We disagree as to the best way to keep the battery charged: Just start the truck occasionally, and let it sit in the driveway and run for a little while every week, or actually take it out on the road, and drive for 20 miles or so?
Or put it on the charger every week or so?
Also, if the battery goes dead, will that mess up the computer for emissions testing, just as if we had to replace the battery?
The answer to your last question is yes.
If the battery goes completely dead, the computer will lose its stored emissions data. Then you’ll have to drive it for a few days to create new data before you can pass an emissions test.
Not to mention that you’ll have to restore all of your radio presets.
In terms of maintaining a car you don’t drive much, the worst thing you can do is start it up and just let it run in the driveway for a few minutes. That’s bad for two reasons. First, you’re not really recharging the battery.
So you’re using the battery to start the truck, and then leaving it weaker than before you ran the car.
Second, when the engine runs, the combustion of gasoline and air creates water vapor.
But if you don’t run the car long enough to really heat things up, you allow the water vapor to sit there and cause rust.
So I’d make two suggestions: One, start it up and drive it for a day every few months.
Not only will you charge the battery and evaporate any water vapor you create, but you’ll also exercise some moving parts of the truck that should move once in a while.
Things like brake calipers and transmission solenoids can stick or rust if they’re left for a long time.
Belts can dry up and crack.
My second suggestion is to get a trickle charger.
For $30, you can get a battery charger that “trickles” a small amount of electricity to your battery as it’s needed.
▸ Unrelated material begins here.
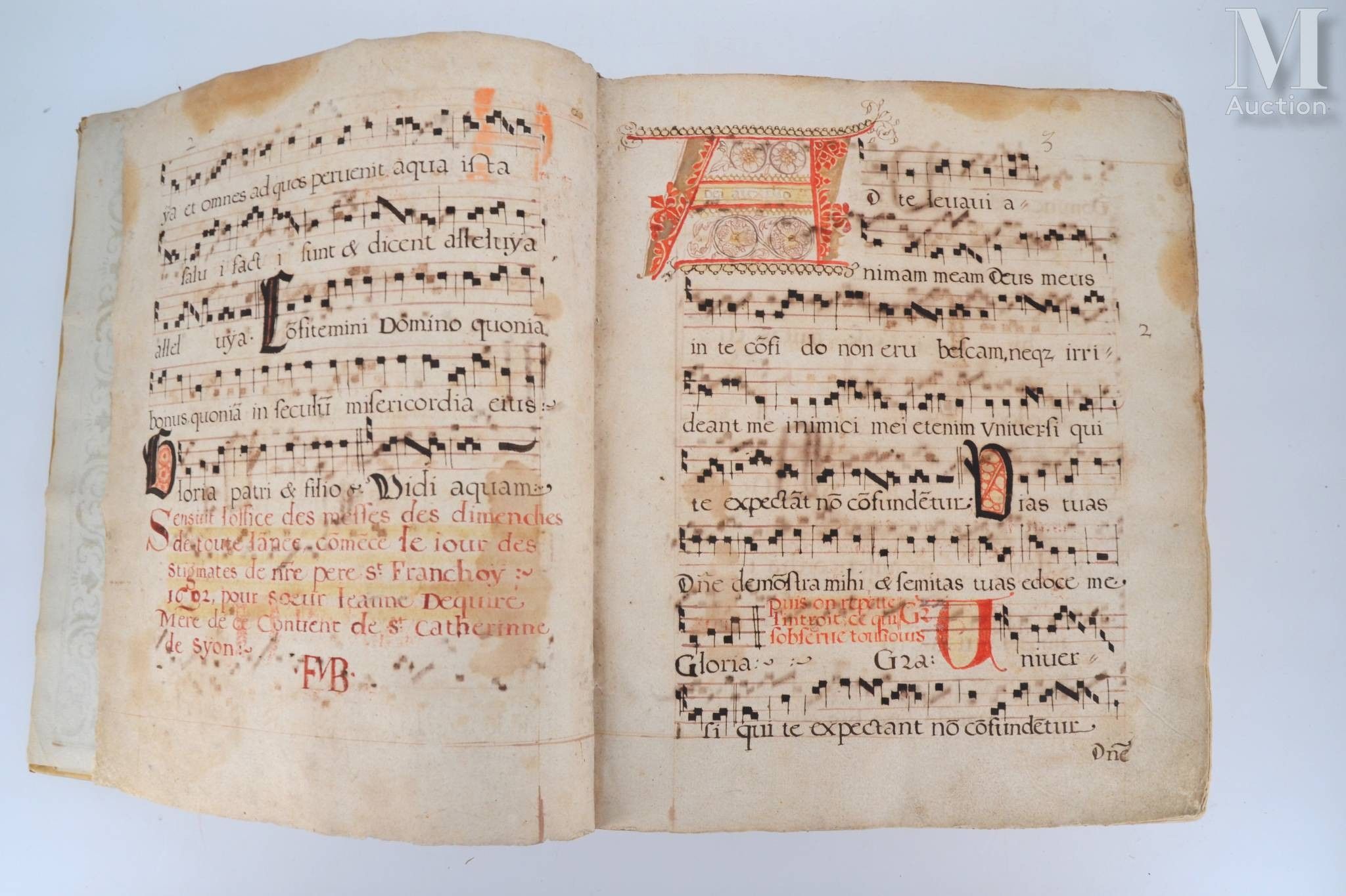 Antiphonary. [Verso of the second leaf: Sensuit l'office des masses des dimenches [sic] de toute l'année commencée le jour des Stigmates de Notre Père St Franchoy [sic] 1602 pour sœur Jeanne Dequire Mère de ce Contient de Ste Catherine de Syon]. Manuscript in-4 of approximately 150 leaves, contemporary vellum.

The advantage of a trickle charger over a conventional charger is that a trickle charger never lets your battery go dead, so the truck can be started whenever you do want to use it. And a trickle charger doesn’t need to be monitored.
You just hook it up, plug it in, and your battery is always ready to go.
And then, with all that extra time you have from not starting your truck every couple of weeks, you can ponder the question of why you’re keeping it in the first place.
Do you really need that truck if you only make one trip to the lumberyard per year?